Credit: Photo by Johan Wingborg
The individual mix of microorganisms in the human gastrointestinal tract provides vital clues as to how any future incidence of type 2 diabetes can be predicted, prevented and treated. This is demonstrated in a population study led from the University of Gothenburg. Sweden.
That a person’s gut microbiota can contribute to type 2 diabetes has been shown in previous research, led by Fredrik Bäckhed, Professor of Molecular Medicine at Sahlgrenska Academy, University of Gothenburg.
The present study, now published in the journal Cell Metabolism, describes newly discovered clues in the microbiota to how bacteria may contribute to type 2 diabetes and potentially predict who will develop disease based individual’s gut microbiota.
By studying people who have not yet developed type 2 diabetes, the researchers were able to rule out the possibility that the gut microbiota was affected by the disease or its treatment. The majority of previous studies in this field have compared healthy individuals with patients.
What has emerged is that in individuals with raised fasting blood glucose levels or reduced glucose tolerance, a condition known as prediabetes, as well as in people with untreated type 2 diabetes, the gut microbiota is changed. Accordingly, the findings show that the gut microbiota can be used to identify individuals with diabetes.
The study also shows that, in the gut microbiota of study participants with prediabetes or who had developed type 2 diabetes, the potential to produce butyrate (a fatty acid that promotes hormone production in the gastrointestinal tract and controls inflammation) was reduced. This substance is formed mainly by beneficial bacteria in intestines as they digest dietary fibers. One possible implication is that altering individuals fiber intake and perhaps matching fiber types to specific microbiota, or development of next generation probiotics to add missing bacteria, may enable the development of novel diabetes prevention or therapeutics.
“Our study shows clearly that the composition of the gut microbiota may have a great potential for helping us to understand the risks of developing type 2 diabetes, and therefore improve our chances of detecting, preventing and treating the disease,” Bäckhed says.

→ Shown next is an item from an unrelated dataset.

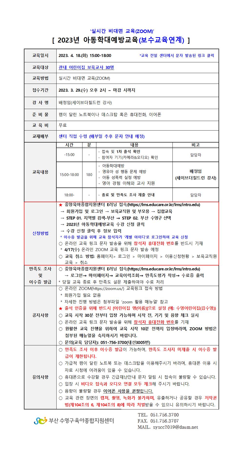 | ±âŸ»çÇ× | ¡Ú ½Åû¹æ¹ý: Áß¾ÓÀ°¾ÆÁ¾ÇÕÁö¿ø¼¾ÅÍ E·¯´× Á¢¼Ó(https://lms.educare.or.kr/lms/intro.edu) ¡æ ȸ¿ø°¡ÀÔ ¹× ·Î±×ÀÎ ¡æ º¸À°±³Á÷¿ø ¹× ºÎ¸ð¿ë ¡æ ÁýÇÕ±³À° ¡æ STEP 01. Áö¿ªº° °Ë»ö-ºÎ»ê ¡æ STEP 02. ºÎ»ê ¼ö¿µ±¸ ¼±Åà ¡æ 2023³â 2023³â Ç¥Áغ¸À°°úÁ¤ ÇØ¼³¼ ¿¬¼ö ¼ö° ½Åû Ŭ¸¯ ¡æ ¼ö° ½Åû Ŭ¸¯ ÈÄ Á¤º¸ ÀÔ·Â * À̼öÁõ ¹ß±ÞÀ» À§ÇØ ±³À° Âü¼®ÀÚ°¡ ¡®°³º° ¾ÆÀ̵𡯷Π·Î±×ÀÎÇÏ¿© ±³À° ½Åû ¡Û ¿Â¶óÀÎ ±³À° ¸µÅ© ¹®ÀÚ ¹ß¼ÛÀ» À§ÇØ Âü¼®ÀÚ ÈÞ´ëÀüÈ ¹øÈ£¸¦ ¹Ýµå½Ã ±âÀç ¡Ø±â°ü´ç º¸À°±³Á÷¿ø 1¸í ÀÌ»ó ¼ö°ÇÏ¿©¾ß ÇÕ´Ï´Ù. (½Å±Ô, º¸Á¶±³»ç, Á¶¸®»ç Æ÷ÇÔ) ¡Ø±³À° ½ÃÀÛ 30ºÐ ÈÄ ÀÔÀå ½Ã À̼öó¸® ºÒ°¡ÇÕ´Ï´Ù. ¡ØÃ·ºÎÆÄÀÏÀÇ ZOOM Ȱ¿ë¸Å´º¾óÀ» ²Ä²ÄÈ÷ ÀоîÁֽñ⠹ٶø´Ï´Ù. ¡Ø±³À° ¾È³»¹®¿¡ ÀûÈù »çÇ× ÇÊÈ÷ ÁöÄÑÁֽñ⠹ٶø´Ï´Ù. |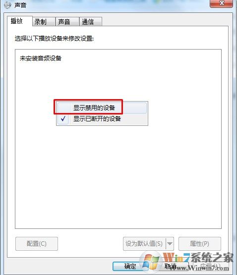 2、右鍵單擊:未安裝音頻設備,在出現(xiàn)的小窗口中,左鍵點擊:顯示禁用設備;

The results confirm the picture that the gut microbiota interacts with the body’s functions and internal conditions. The intestinal tract contains more than a kilogram of bacteria that are important for our health, and the kinds of gut bacteria found in people with type 2 diabetes seem to differ from those in healthy people.
“We hope to find patterns and identify which components of the gut microbiota identify individuals whose risk of developing type 2 diabetes is elevated. In the future, perhaps we’ll be able to prescribe individualized dietary changes, or develop new types of probiotic that can prevent or perhaps even treat the disease,” Bäckhed says.
The research now published builds on a population-based study that has been underway at the University of Gothenburg and Sahlgrenska University Hospital since 2013. It covered some 5,000 randomly selected people who were invited to take part in the study, and its purpose was to investigate which factors may entail an increased risk of type 2 diabetes. To confirm and verify the findings, the researchers also analyzed samples collected from the Swedish Cardiopulmonary Bioimage Study (SCAPIS), a nation-wide population study.